Okay, I think I understand that “join" in parJoinUnbounded means “joining”/awaiting each argument stream, so if one subscriber does not receive, no joining occurs, hence no passing past parJoinUnbounded. So, I guess - as in documentation - adding a Quit event - like the number 0 below - can be used to interruptWhen the subscribers:

for
  _ <- Stream.unit.repeat
  topic <- Stream.eval(Topic[IO, Int])
  start <- Stream.eval(Deferred[IO, Unit])
  stop <- Stream.eval(SignallingRef[IO, Boolean](false))
  _ <- List(
         for
           _ <- Stream.eval(start.get)
           _ <- (Stream.eval(IO { 1+gen.nextInt(10) }) ++ Stream.emit(0)).through(topic.publish)
         yield
           ()
       ,
         for
           n <- Stream.resource(topic.subscribeAwaitUnbounded <* Resource.eval(start.complete(()))).flatten.evalTap { case 0 => stop.set(true) case _ => IO.unit }.interruptWhen(stop)

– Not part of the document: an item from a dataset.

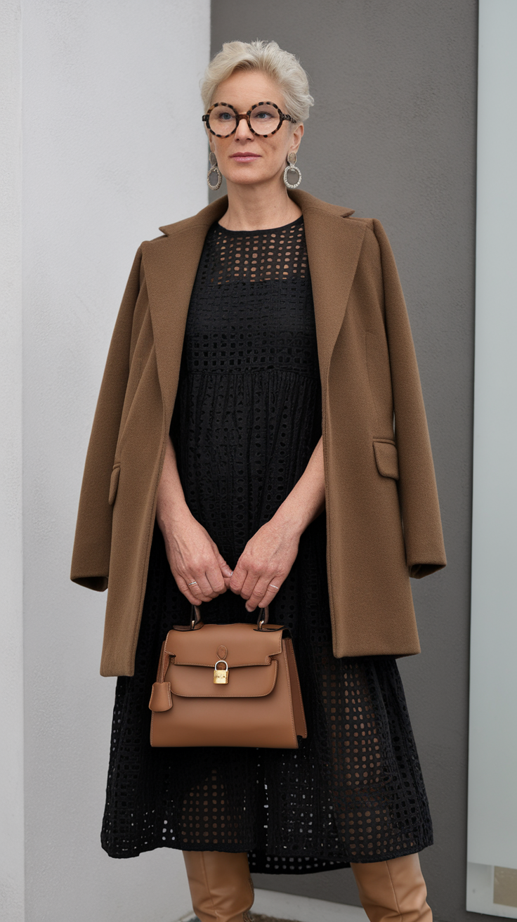 A black midi dress with intricate eyelet detailing is complemented by a structured camel coat for warmth and sophistication. Knee-high camel boots and a matching leather handbag complete this stylish look. This ensemble is a versatile choice for clothing styles for women transitioning between casual and formal.

           _ <- Stream.eval(IO.println(n))
         yield
           ()
       ,
         for
           n <- Stream.resource(topic.subscribeAwaitUnbounded <* Resource.eval(start.complete(()))).flatten.evalTap { case 0 => stop.set(true) case _ => IO.unit }.interruptWhen(stop)
           _ <- Stream.eval(IO.println(n-10))
         yield
           ()
       ).parJoinUnbounded
yield
  ()